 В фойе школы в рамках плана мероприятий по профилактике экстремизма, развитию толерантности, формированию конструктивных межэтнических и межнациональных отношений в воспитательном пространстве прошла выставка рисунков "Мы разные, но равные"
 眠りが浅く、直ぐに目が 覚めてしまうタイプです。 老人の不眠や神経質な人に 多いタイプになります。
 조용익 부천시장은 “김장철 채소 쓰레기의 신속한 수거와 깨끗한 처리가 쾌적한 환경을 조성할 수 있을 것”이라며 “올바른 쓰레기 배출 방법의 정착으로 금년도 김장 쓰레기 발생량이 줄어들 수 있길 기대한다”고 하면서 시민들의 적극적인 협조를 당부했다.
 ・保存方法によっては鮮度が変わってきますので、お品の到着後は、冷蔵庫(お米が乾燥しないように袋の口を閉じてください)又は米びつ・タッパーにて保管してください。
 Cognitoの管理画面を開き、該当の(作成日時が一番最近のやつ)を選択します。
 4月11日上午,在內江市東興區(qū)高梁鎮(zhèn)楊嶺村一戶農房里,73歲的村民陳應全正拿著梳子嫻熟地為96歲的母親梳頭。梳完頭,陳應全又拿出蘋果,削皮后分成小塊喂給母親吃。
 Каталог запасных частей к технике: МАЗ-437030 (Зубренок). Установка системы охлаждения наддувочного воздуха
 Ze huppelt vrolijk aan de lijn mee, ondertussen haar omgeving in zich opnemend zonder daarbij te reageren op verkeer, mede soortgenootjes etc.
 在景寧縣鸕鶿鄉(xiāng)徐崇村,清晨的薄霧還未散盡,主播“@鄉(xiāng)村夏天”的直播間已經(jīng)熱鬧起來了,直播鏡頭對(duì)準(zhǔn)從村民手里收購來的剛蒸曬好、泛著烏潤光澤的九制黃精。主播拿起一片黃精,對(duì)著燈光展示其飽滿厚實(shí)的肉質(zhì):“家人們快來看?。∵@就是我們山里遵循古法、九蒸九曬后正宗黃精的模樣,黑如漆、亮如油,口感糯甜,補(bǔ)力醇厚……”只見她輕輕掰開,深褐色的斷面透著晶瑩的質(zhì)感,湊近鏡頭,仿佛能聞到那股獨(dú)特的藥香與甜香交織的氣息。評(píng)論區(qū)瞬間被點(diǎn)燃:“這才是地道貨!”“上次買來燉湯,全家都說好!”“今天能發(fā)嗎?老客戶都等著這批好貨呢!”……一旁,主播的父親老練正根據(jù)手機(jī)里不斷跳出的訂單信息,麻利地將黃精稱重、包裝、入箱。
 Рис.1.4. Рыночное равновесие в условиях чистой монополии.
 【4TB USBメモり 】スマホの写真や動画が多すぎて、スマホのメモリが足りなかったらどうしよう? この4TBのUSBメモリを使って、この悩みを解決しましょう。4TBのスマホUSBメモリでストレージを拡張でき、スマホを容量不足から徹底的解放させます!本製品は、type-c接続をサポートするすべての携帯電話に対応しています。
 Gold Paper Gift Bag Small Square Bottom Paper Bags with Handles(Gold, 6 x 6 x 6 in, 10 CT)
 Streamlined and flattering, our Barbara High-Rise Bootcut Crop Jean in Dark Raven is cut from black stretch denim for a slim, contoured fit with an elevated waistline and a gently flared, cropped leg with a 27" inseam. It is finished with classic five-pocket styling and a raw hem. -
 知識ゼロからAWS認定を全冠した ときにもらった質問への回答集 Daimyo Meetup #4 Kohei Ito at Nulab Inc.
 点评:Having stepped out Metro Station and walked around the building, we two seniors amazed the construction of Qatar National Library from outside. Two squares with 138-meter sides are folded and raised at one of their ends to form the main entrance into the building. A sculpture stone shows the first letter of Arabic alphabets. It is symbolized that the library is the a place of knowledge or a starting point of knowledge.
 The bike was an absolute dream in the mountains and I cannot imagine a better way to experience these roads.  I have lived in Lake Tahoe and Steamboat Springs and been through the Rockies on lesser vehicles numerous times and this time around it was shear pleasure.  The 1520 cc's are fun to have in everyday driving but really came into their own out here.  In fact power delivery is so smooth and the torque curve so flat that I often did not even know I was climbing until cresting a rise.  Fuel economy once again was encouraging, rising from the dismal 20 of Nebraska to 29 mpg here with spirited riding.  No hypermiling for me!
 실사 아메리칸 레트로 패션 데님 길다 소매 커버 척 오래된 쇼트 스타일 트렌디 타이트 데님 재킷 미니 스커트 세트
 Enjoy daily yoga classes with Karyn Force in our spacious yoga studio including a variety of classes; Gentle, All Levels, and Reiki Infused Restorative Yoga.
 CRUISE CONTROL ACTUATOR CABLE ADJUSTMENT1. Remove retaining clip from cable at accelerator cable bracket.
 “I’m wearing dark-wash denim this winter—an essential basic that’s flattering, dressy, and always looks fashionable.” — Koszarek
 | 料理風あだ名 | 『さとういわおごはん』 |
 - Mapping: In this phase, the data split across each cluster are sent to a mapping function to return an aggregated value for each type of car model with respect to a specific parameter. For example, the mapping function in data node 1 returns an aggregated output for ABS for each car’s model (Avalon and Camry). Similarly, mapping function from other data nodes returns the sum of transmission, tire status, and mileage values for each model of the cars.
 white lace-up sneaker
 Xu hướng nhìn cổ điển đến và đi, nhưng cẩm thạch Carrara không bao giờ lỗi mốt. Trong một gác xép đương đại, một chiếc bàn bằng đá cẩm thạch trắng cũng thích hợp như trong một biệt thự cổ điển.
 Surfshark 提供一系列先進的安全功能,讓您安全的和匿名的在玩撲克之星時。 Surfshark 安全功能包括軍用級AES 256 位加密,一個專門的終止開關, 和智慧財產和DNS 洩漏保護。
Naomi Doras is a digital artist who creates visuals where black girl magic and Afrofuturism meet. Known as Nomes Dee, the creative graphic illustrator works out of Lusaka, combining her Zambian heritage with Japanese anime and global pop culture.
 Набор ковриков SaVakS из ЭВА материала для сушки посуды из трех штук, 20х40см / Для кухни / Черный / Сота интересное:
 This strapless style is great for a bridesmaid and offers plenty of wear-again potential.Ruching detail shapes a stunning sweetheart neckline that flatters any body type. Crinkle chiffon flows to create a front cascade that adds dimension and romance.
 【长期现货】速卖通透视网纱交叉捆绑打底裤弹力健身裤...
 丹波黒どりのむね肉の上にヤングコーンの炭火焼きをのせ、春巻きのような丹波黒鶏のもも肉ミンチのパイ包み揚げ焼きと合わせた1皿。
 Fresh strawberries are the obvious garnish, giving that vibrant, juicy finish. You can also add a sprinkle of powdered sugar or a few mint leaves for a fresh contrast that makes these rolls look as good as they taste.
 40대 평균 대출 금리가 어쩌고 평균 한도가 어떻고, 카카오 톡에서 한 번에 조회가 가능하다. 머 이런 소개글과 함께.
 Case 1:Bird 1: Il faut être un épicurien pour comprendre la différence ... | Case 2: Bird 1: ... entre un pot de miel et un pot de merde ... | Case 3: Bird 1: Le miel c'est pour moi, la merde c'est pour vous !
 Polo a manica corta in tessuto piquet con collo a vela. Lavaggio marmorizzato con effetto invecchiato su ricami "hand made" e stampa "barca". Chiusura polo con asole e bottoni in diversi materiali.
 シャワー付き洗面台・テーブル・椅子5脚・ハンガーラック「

WHAT YOU WILL DO => Write the entries out once more, exactly as given.

EXERCISE SOLUTION =>
 В фойе школы в рамках плана мероприятий по профилактике экстремизма, развитию толерантности, формированию конструктивных межэтнических и межнациональных отношений в воспитательном пространстве прошла выставка рисунков "Мы разные, но равные"
 眠りが浅く、直ぐに目が 覚めてしまうタイプです。 老人の不眠や神経質な人に 多いタイプになります。
 조용익 부천시장은 “김장철 채소 쓰레기의 신속한 수거와 깨끗한 처리가 쾌적한 환경을 조성할 수 있을 것”이라며 “올바른 쓰레기 배출 방법의 정착으로 금년도 김장 쓰레기 발생량이 줄어들 수 있길 기대한다”고 하면서 시민들의 적극적인 협조를 당부했다.
 ・保存方法によっては鮮度が変わってきますので、お品の到着後は、冷蔵庫(お米が乾燥しないように袋の口を閉じてください)又は米びつ・タッパーにて保管してください。
 Cognitoの管理画面を開き、該当の(作成日時が一番最近のやつ)を選択します。
 4月11日上午,在內江市東興區(qū)高梁鎮(zhèn)楊嶺村一戶農房里,73歲的村民陳應全正拿著梳子嫻熟地為96歲的母親梳頭。梳完頭,陳應全又拿出蘋果,削皮后分成小塊喂給母親吃。
 Каталог запасных частей к технике: МАЗ-437030 (Зубренок). Установка системы охлаждения наддувочного воздуха
 Ze huppelt vrolijk aan de lijn mee, ondertussen haar omgeving in zich opnemend zonder daarbij te reageren op verkeer, mede soortgenootjes etc.
 在景寧縣鸕鶿鄉(xiāng)徐崇村,清晨的薄霧還未散盡,主播“@鄉(xiāng)村夏天”的直播間已經(jīng)熱鬧起來了,直播鏡頭對(duì)準(zhǔn)從村民手里收購來的剛蒸曬好、泛著烏潤光澤的九制黃精。主播拿起一片黃精,對(duì)著燈光展示其飽滿厚實(shí)的肉質(zhì):“家人們快來看?。∵@就是我們山里遵循古法、九蒸九曬后正宗黃精的模樣,黑如漆、亮如油,口感糯甜,補(bǔ)力醇厚……”只見她輕輕掰開,深褐色的斷面透著晶瑩的質(zhì)感,湊近鏡頭,仿佛能聞到那股獨(dú)特的藥香與甜香交織的氣息。評(píng)論區(qū)瞬間被點(diǎn)燃:“這才是地道貨!”“上次買來燉湯,全家都說好!”“今天能發(fā)嗎?老客戶都等著這批好貨呢!”……一旁,主播的父親老練正根據(jù)手機(jī)里不斷跳出的訂單信息,麻利地將黃精稱重、包裝、入箱。
 Рис.1.4. Рыночное равновесие в условиях чистой монополии.
 【4TB USBメモり 】スマホの写真や動画が多すぎて、スマホのメモリが足りなかったらどうしよう? この4TBのUSBメモリを使って、この悩みを解決しましょう。4TBのスマホUSBメモリでストレージを拡張でき、スマホを容量不足から徹底的解放させます!本製品は、type-c接続をサポートするすべての携帯電話に対応しています。
 Gold Paper Gift Bag Small Square Bottom Paper Bags with Handles(Gold, 6 x 6 x 6 in, 10 CT)
 Streamlined and flattering, our Barbara High-Rise Bootcut Crop Jean in Dark Raven is cut from black stretch denim for a slim, contoured fit with an elevated waistline and a gently flared, cropped leg with a 27" inseam. It is finished with classic five-pocket styling and a raw hem. -
 知識ゼロからAWS認定を全冠した ときにもらった質問への回答集 Daimyo Meetup #4 Kohei Ito at Nulab Inc.
 点评:Having stepped out Metro Station and walked around the building, we two seniors amazed the construction of Qatar National Library from outside. Two squares with 138-meter sides are folded and raised at one of their ends to form the main entrance into the building. A sculpture stone shows the first letter of Arabic alphabets. It is symbolized that the library is the a place of knowledge or a starting point of knowledge.
 The bike was an absolute dream in the mountains and I cannot imagine a better way to experience these roads.  I have lived in Lake Tahoe and Steamboat Springs and been through the Rockies on lesser vehicles numerous times and this time around it was shear pleasure.  The 1520 cc's are fun to have in everyday driving but really came into their own out here.  In fact power delivery is so smooth and the torque curve so flat that I often did not even know I was climbing until cresting a rise.  Fuel economy once again was encouraging, rising from the dismal 20 of Nebraska to 29 mpg here with spirited riding.  No hypermiling for me!
 실사 아메리칸 레트로 패션 데님 길다 소매 커버 척 오래된 쇼트 스타일 트렌디 타이트 데님 재킷 미니 스커트 세트
 Enjoy daily yoga classes with Karyn Force in our spacious yoga studio including a variety of classes; Gentle, All Levels, and Reiki Infused Restorative Yoga.
 CRUISE CONTROL ACTUATOR CABLE ADJUSTMENT1. Remove retaining clip from cable at accelerator cable bracket.
 “I’m wearing dark-wash denim this winter—an essential basic that’s flattering, dressy, and always looks fashionable.” — Koszarek
 | 料理風あだ名 | 『さとういわおごはん』 |
 - Mapping: In this phase, the data split across each cluster are sent to a mapping function to return an aggregated value for each type of car model with respect to a specific parameter. For example, the mapping function in data node 1 returns an aggregated output for ABS for each car’s model (Avalon and Camry). Similarly, mapping function from other data nodes returns the sum of transmission, tire status, and mileage values for each model of the cars.
 white lace-up sneaker
 Xu hướng nhìn cổ điển đến và đi, nhưng cẩm thạch Carrara không bao giờ lỗi mốt. Trong một gác xép đương đại, một chiếc bàn bằng đá cẩm thạch trắng cũng thích hợp như trong một biệt thự cổ điển.
 Surfshark 提供一系列先進的安全功能,讓您安全的和匿名的在玩撲克之星時。 Surfshark 安全功能包括軍用級AES 256 位加密,一個專門的終止開關, 和智慧財產和DNS 洩漏保護。
Naomi Doras is a digital artist who creates visuals where black girl magic and Afrofuturism meet. Known as Nomes Dee, the creative graphic illustrator works out of Lusaka, combining her Zambian heritage with Japanese anime and global pop culture.
 Набор ковриков SaVakS из ЭВА материала для сушки посуды из трех штук, 20х40см / Для кухни / Черный / Сота интересное:
 This strapless style is great for a bridesmaid and offers plenty of wear-again potential.Ruching detail shapes a stunning sweetheart neckline that flatters any body type. Crinkle chiffon flows to create a front cascade that adds dimension and romance.
 【长期现货】速卖通透视网纱交叉捆绑打底裤弹力健身裤...
 丹波黒どりのむね肉の上にヤングコーンの炭火焼きをのせ、春巻きのような丹波黒鶏のもも肉ミンチのパイ包み揚げ焼きと合わせた1皿。
 Fresh strawberries are the obvious garnish, giving that vibrant, juicy finish. You can also add a sprinkle of powdered sugar or a few mint leaves for a fresh contrast that makes these rolls look as good as they taste.
 40대 평균 대출 금리가 어쩌고 평균 한도가 어떻고, 카카오 톡에서 한 번에 조회가 가능하다. 머 이런 소개글과 함께.
 Case 1:Bird 1: Il faut être un épicurien pour comprendre la différence ... | Case 2: Bird 1: ... entre un pot de miel et un pot de merde ... | Case 3: Bird 1: Le miel c'est pour moi, la merde c'est pour vous !
 Polo a manica corta in tessuto piquet con collo a vela. Lavaggio marmorizzato con effetto invecchiato su ricami "hand made" e stampa "barca". Chiusura polo con asole e bottoni in diversi materiali.
 シャワー付き洗面台・テーブル・椅子5脚・ハンガーラック「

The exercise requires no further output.